§ **Required work**: Retype the following data exactly, but leave its pictures out.

§ **Material provided**:
-------------------------
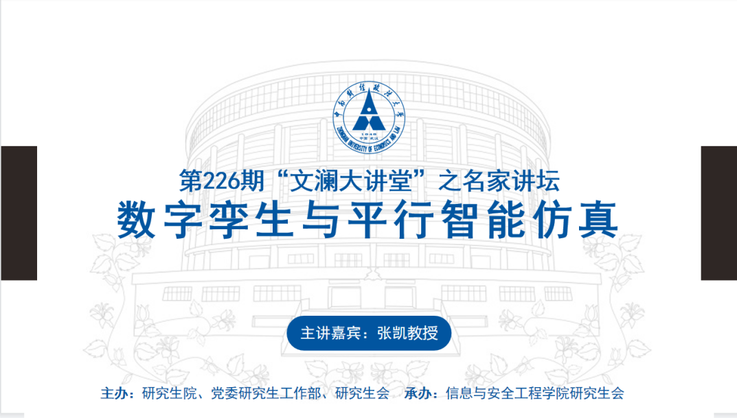 本次讲座聚焦于广大学子关心的热点话题,结合当下的时事热点与学术的前沿动态,邀请我院张凯教授作为主讲嘉宾,向信息与安全工程学院全体研究生宣讲数字孪生与平行智能仿真。讲座伊始,主持人对此次活动的背景、目的及主讲嘉宾进行介绍。
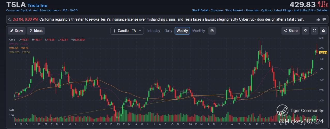 Those looking to build a position may find better value if the stock revisits the $350–$380 range, where Tesla’s long-term potential once again outweighs its short-term challenges. Until then, patience and perspective are key — because even giants need to slow down before the next acceleration.
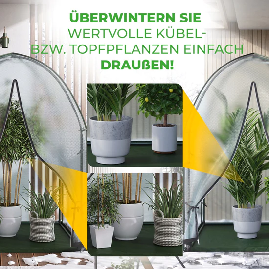 Das Überwinterungszelt ist die perfekte Lösung zur Überwinterung Ihrer mediterranen Kübelpflanzen im eigenen Garten, auf der Terrasse oder dem Balkon. Das Überwinterungszelt bietet Schutz vor Regen, Nässe, Wind, Kälte, Frost und Schnee. Das Zelt besteht aus einer langlebigen PVC-Gitterfolie und ist damit viele Jahre einsetzbar. Eine Fensteröffnung ermöglicht eine ausreichende Belüftung der Pflanzen. Zwei Eingänge sorgen für eine einfache Erreichbarkeit der Pflanzen, z.B. zum Gießen oder zur Schädlingskontrolle.Das Überwinterungszelt kommt in einer praktischen Tragetasche und lässt sich innerhalb einer halben Stunde aufbauen. Nach der Überwinterung lässt sich der Boden des Zeltes herausnehmen, so dient das Zelt als praktisches Gewächshaus für die Anzucht von Obst- und Gemüsepflanzen. Bei Nicht-Gebrauch lässt sich das Überwinterungszelt leicht transportieren und platzsparend verstauen.Bei sehr frostempfindlichen Kübelpflanzen, wie bspw. Zitruspflanzen, empfiehlt sich der Einsatz eines Frostwächters, der für eine gleichbleibende Temperatur sorgt und ihre wertvollen Pflanzen vor Frost schützt.Grundfläche: 130 cm x 130 cmHöhe: 150 cm
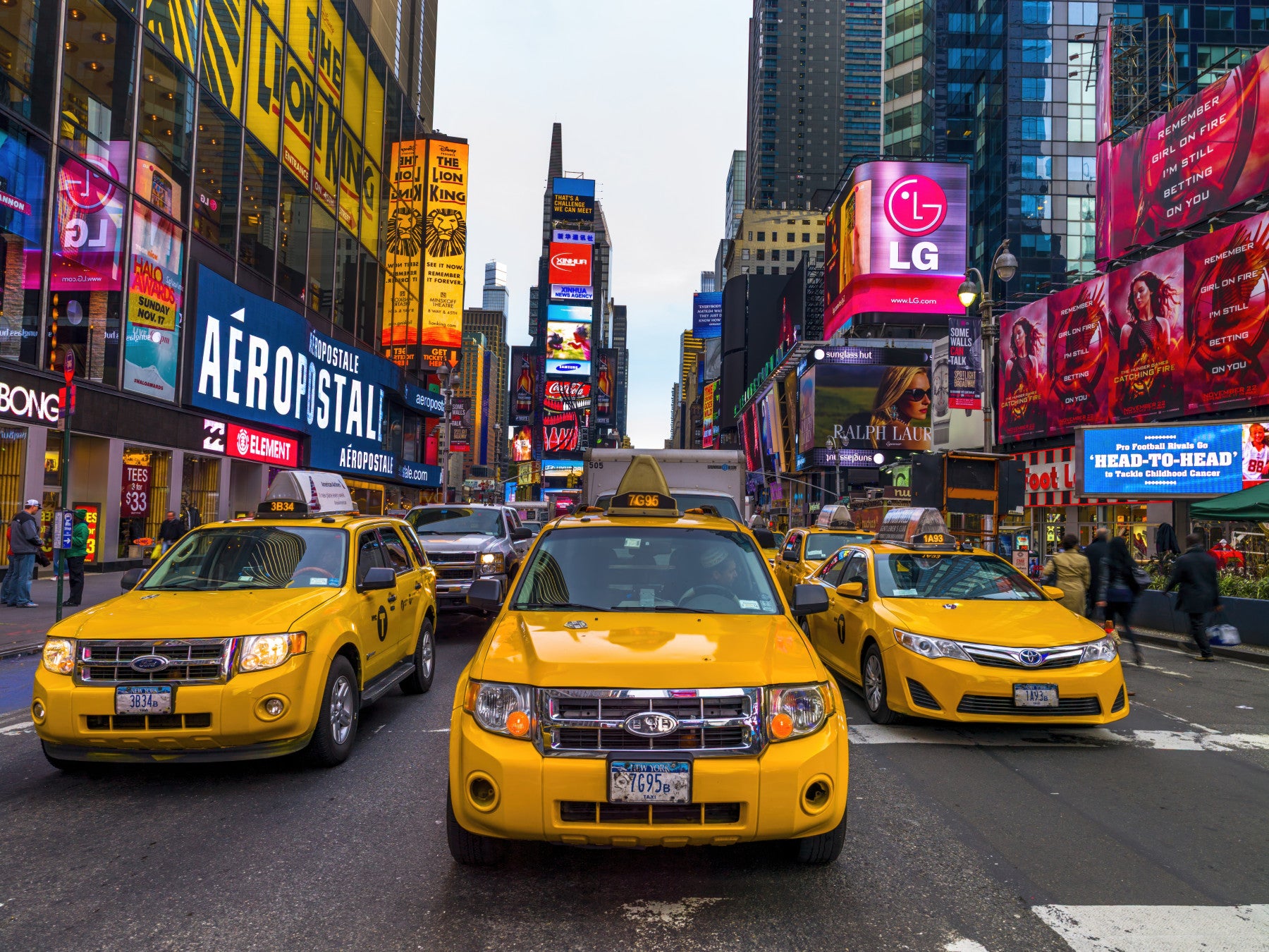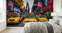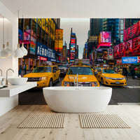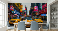 Taxis on Broadway, New York. Experience the electric energy of Times Square with this lively wallpaper for walls. Vivid yellow taxis navigate the bustling streets, surrounded by towering billboards blazing with color. The composition captures the essence of New York City's vibrant atmosphere, bringing an urban edge to any room. This design works well in modern living rooms, creative offices, or teen bedrooms, adding a dynamic focal point that complements contemporary interiors. It creates an energetic and stylish backdrop, perfect for spaces that celebrate city life.
-------------------------
§ **Solution**:
 本次讲座聚焦于广大学子关心的热点话题,结合当下的时事热点与学术的前沿动态,邀请我院张凯教授作为主讲嘉宾,向信息与安全工程学院全体研究生宣讲数字孪生与平行智能仿真。讲座伊始,主持人对此次活动的背景、目的及主讲嘉宾进行介绍。
 Those looking to build a position may find better value if the stock revisits the $350–$380 range, where Tesla’s long-term potential once again outweighs its short-term challenges. Until then, patience and perspective are key — because even giants need to slow down before the next acceleration.
 Das Überwinterungszelt ist die perfekte Lösung zur Überwinterung Ihrer mediterranen Kübelpflanzen im eigenen Garten, auf der Terrasse oder dem Balkon. Das Überwinterungszelt bietet Schutz vor Regen, Nässe, Wind, Kälte, Frost und Schnee. Das Zelt besteht aus einer langlebigen PVC-Gitterfolie und ist damit viele Jahre einsetzbar. Eine Fensteröffnung ermöglicht eine ausreichende Belüftung der Pflanzen. Zwei Eingänge sorgen für eine einfache Erreichbarkeit der Pflanzen, z.B. zum Gießen oder zur Schädlingskontrolle.Das Überwinterungszelt kommt in einer praktischen Tragetasche und lässt sich innerhalb einer halben Stunde aufbauen. Nach der Überwinterung lässt sich der Boden des Zeltes herausnehmen, so dient das Zelt als praktisches Gewächshaus für die Anzucht von Obst- und Gemüsepflanzen. Bei Nicht-Gebrauch lässt sich das Überwinterungszelt leicht transportieren und platzsparend verstauen.Bei sehr frostempfindlichen Kübelpflanzen, wie bspw. Zitruspflanzen, empfiehlt sich der Einsatz eines Frostwächters, der für eine gleichbleibende Temperatur sorgt und ihre wertvollen Pflanzen vor Frost schützt.Grundfläche: 130 cm x 130 cmHöhe: 150 cm
 Taxis on Broadway, New York. Experience the electric energy of Times Square with this lively wallpaper for walls. Vivid yellow taxis navigate the bustling streets, surrounded by towering billboards blazing with color. The composition captures the essence of New York City's vibrant atmosphere, bringing an urban edge to any room. This design works well in modern living rooms, creative offices, or teen bedrooms, adding a dynamic focal point that complements contemporary interiors. It creates an energetic and stylish backdrop, perfect for spaces that celebrate city life.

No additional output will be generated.